Unfortunately I do not know of any Chinese words rhyming with 德 that were also Khitanized with <oi>. The only other Chinese word in 德's rhyme class that Kane (2009: 245) listed is 特 corresponding to

<t.ei> and <d.ei>

in the Khitan small script.

It is also possible that <t.oi> is

- an error (doubtful; would the same error be made on both a mirror and a coin?)

- a taboo deformation of one of the other spellings (but did anyone important at the time have 德 in their Chinese name?)

- a unrelated native word for 'virtue'

- a word meaning something other than 'virtue'

14.4.20.23:04: BUC__REST(_)

What accounts for the variation in non-Romanian names for București [bukuˈreʃtʲ]?

1. Why does Irish Búcairist [buːkəɾʲɪʃtʲ] have a long vowel? Is it an attempt to preserve the quality of Romanian [u]? (Irish short u is [ʊ], not [u].)

2. Why does English Bucharest have ch instead of c corresponding to [k]? Was it borrowed from a language which had [x]? Why don't those languages have [k] instead?

3. Why do so many languages have a instead of u for the second vowel? Even two of Romanian's neighbors have a: Hungarian Bukarest [bukɒreʃt] and Ukrainian Бухарест <Buxarest>. Oddly the u somehow crossed the Hungarian 'a-barrier' into Slovak and (then?) Czech Bukurešť.

4. At least I'm pretty sure that [s] in many languages is a spelling pronunciation or transliteration of s sans comma. Initially I thought it was odd that Romanian's neighbor Ukrainian has [s] instead of [ʃ], but perhaps Ukrainian Бухарест <Buxarest> was borrowed from Russian, replacing an earlier name more like Serbian and Bulgarian Букурешт <Bukurešt>.

5. When did -ti become [tʲ] in Romanian? I'm surprised this sound change isn't mentioned in this long article on Romanian phonological history. Does final [t] in most languages reflect [tʲ], a sound absent in most European languages? Ukrainian and Russian Бухарест <Buxarest> has <t> even though both languages have [tʲ].

Does final -ť [tʲ] in Czech and Slovak Bukurešť directly reflect Romanian -ti [tʲ]? In theory, an earlier Romanian [bukaresti] could have been interpreted as a Slovak genitive, dative, or locative singular from which a nominative and accusative Bukurešť could have been created by analogy with kosť 'bone'. Then that Bukurešť could have been borrowed into Czech. However, it would be simpler to assume that both postdate the -ti to [tʲ] shift in Romanian. How did Czechs and Slovaks know the name ended in [tʲ] if neither had direct contact with Romanians? I would have expected the Slovak name to be like the Hungarian name.
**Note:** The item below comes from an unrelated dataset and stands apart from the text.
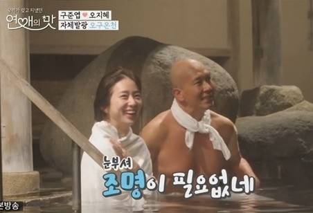 그날 저녁 함께 온천에 들어갔고 오지혜는 구준엽을 바라보며 “오빠 눈부시네요”라고 농담을 던졌다.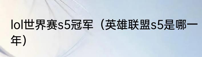 lol世界赛s5冠军(英雄联盟s5是哪一年)

Was the name a learned borrowing?

Hungarian has final ty [tʲ], but as far as I know, it does not have final -sty [ʃtʲ]. Is that why Hungarian Bukarest [bukɒreʃt] ends in [t]?

Irish Búcairist [buːkəɾʲɪʃtʲ] mixes an un-Romanian a with a final cluster that looks like an attempt to mimic the Romanian original. (A hypothetical English-based name would be *Bucairiost [bʊkəɾʲɪst]. I think the vowel of the final syllable is [ɪ] because unstressed [ɛ] is not possible if I understand this article correctly.)

6. Why do these names have non-i vowels in their final syllables?

Romansh Bucaresta

Slovene Bukarešta

Lithuanian Bukareštas (with masculine nominative singular -s)

Portuguese Bucareste

Latvian Bukareste

Final -o in Japanese ブカレスト Bukaresuto indicates borrowing from a source with final -t.

I wonder if Korean once had an earlier Japanese-like borrowing that was replaced by 부쿠레슈티 Pukhureshuthi [pukʰureɕutʰi] which seems to be a straightforward transliteration of București.